Пейдж вновь начинает бороться. Мои запястья, лодыжки и шея сочувствуют тому, как веревки впиваются в ее плоть, оставляя кровавые следы.

Мужчины раскачиваются на концах веревки, так что трудно сказать, она у них в плену или они у нее. Я видела, каким сильным может быть ее новое тело. У нее достаточно мощи, чтобы бросить им реальный вызов и принять бой. На этой неровной поверхности она, возможно, сможет вывести их из равновесия и заставить упасть.

Вместо этого она просто безрезультатно дергается.

Просто для того, чтобы веревки могли навредить ей. Просто для того, чтобы наказать себя. Просто для того, чтобы никто другой больше не пострадал.

Моя младшая сестра плачет, убитая горем.

Я снова начинаю бежать. Не зависимо от произошедшего, она этого не заслуживает. Ни одно живое существо не заслуживает подобного.

Солдат справа поднимает свою винтовку и направляет прямо на меня. Она так близко, что я могу смотреть прямо в небольшое отверстие глушителя.

Я останавливаюсь, почти что скользя.

Другой мужчина стоит рядом с ним, направив винтовку на Пейдж.

Я поднимаю руки с раскрытыми ладонями,

Мужчина хватает меня за руки, и по его грубости я понимаю, что он ожидает сильного сопротивления. Мы — юные девицы — заработали себе репутацию.

Мужчина расслабляется, когда видит, что я не пытаюсь бороться. Рука в руке — это одно, но оружие все еще направлено на меня. Все что я могу делать — оставаться живой, пока не подвернется шанс действовать.

Но у моей матери своя логика

Она выбегает из тени, беззвучно, словно призрак.

Она прыгает на солдата, наставляющего винтовку на Пейдж.

Другой солдат поднимает свою винтовку и бьет маму в лицо с противным чмокающим звуком.

— НЕТ! — я пинаю парня, держащего меня за руки.

Но прежде, чем он падает на землю, прежде чем я могу освободиться, трое других парней прыгают на меня. Они прижимают меня к земле как опытные бандиты, прежде чем я получаю шанс устоять.

Мама вскидывает вверх руки, чтобы закрыться от еще одного удара прикладом винтовки.

Моя сестра продолжает борьбу, но теперь в ней паника и ярость. Она визжит, запрокинув лицо к небу, словно молит Небеса прийти к ней на помощь.

— Заткните ее, заткните же ее! — раздается чей-то громкий шепот.

— Не стрелять! — громким шепотом отдает приказ Сэнджай. — Она нужна нам живой для изучения.

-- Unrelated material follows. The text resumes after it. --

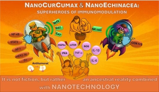 - Catanzaro, M.; Corsini, E.; Rosini, M.; Racchi, M.; Lanni, C. Immunomodulators Inspired by Nature: A Review on Curcumin and Echinacea. Molecules 2018, 23, 2778. [Google Scholar] [CrossRef]

Он бросает на меня быстрый виноватый взгляд. Я не знаю, злиться мне или быть благодарной.

Я должна помочь моей семье. Мой мозг вопит об оружии, но что я могу сделать? Лежать здесь, пока они пытают мою младшую сестренку и мать?

Трое мужчин по-прежнему прижимают меня к земле. Один держит мои руки за головой, другой вцепился в мои лодыжки, третий сидит на животе. Похоже, меня недооценивают. Так тому и быть.

Я хватаю за запястья парня, держащего мои руки, используя его в качестве рычага.

Я выкручиваю и напрягаю ноги, брыкаюсь и пинаю того, кто держит мои лодыжки. Это трудно для кого бы то ни было, большого или маленького, соотнести силу удара с захватом рук.

Затем, я подтягиваю свободную ногу и со всей силы бью его в лицо.

Освободив ноги, я изворачиваюсь и обвиваю ногами шею парня, сидевшего на мне.

Я тяну ноги к земле, опрокидывая его назад. Я выдергиваю ногу из-под него и наношу удар по его открытой промежности.

Я ударяю его настолько сильно, что он отползает от меня по траве, задыхаясь от собственного крика. От него можно не ожидать проблем какое-то время.

К тому времени парень, держащий меня за запястья, стал ослаблять хватку, пытаясь уйти. Если бы я думала, что он отпустит меня и позволит мне остаться, то я бы с радостью дала ему уйти.

Но есть слишком большая вероятность того, что он задумается о борьбе со мной, пока я внизу. Парни иногда идут на это, особенно когда дело касается проигрывания маленькой женщине. Они приписывают это к удаче или чему-то такому.

Моя хватка на нем тверда. Используя его, как рычаг, я кручу и вращаю бедрами, как делала бы это при беге по стене, только сейчас я использую эти движения, лежа на земле.

Я раскачиваю свою ногу, опираясь на бедро, и бью парня по голове.

Бьюсь об заклад, он и не думал, что я могу двигаться.

Я подпрыгиваю вверх, оглядываясь вокруг и готовясь к новому нападению.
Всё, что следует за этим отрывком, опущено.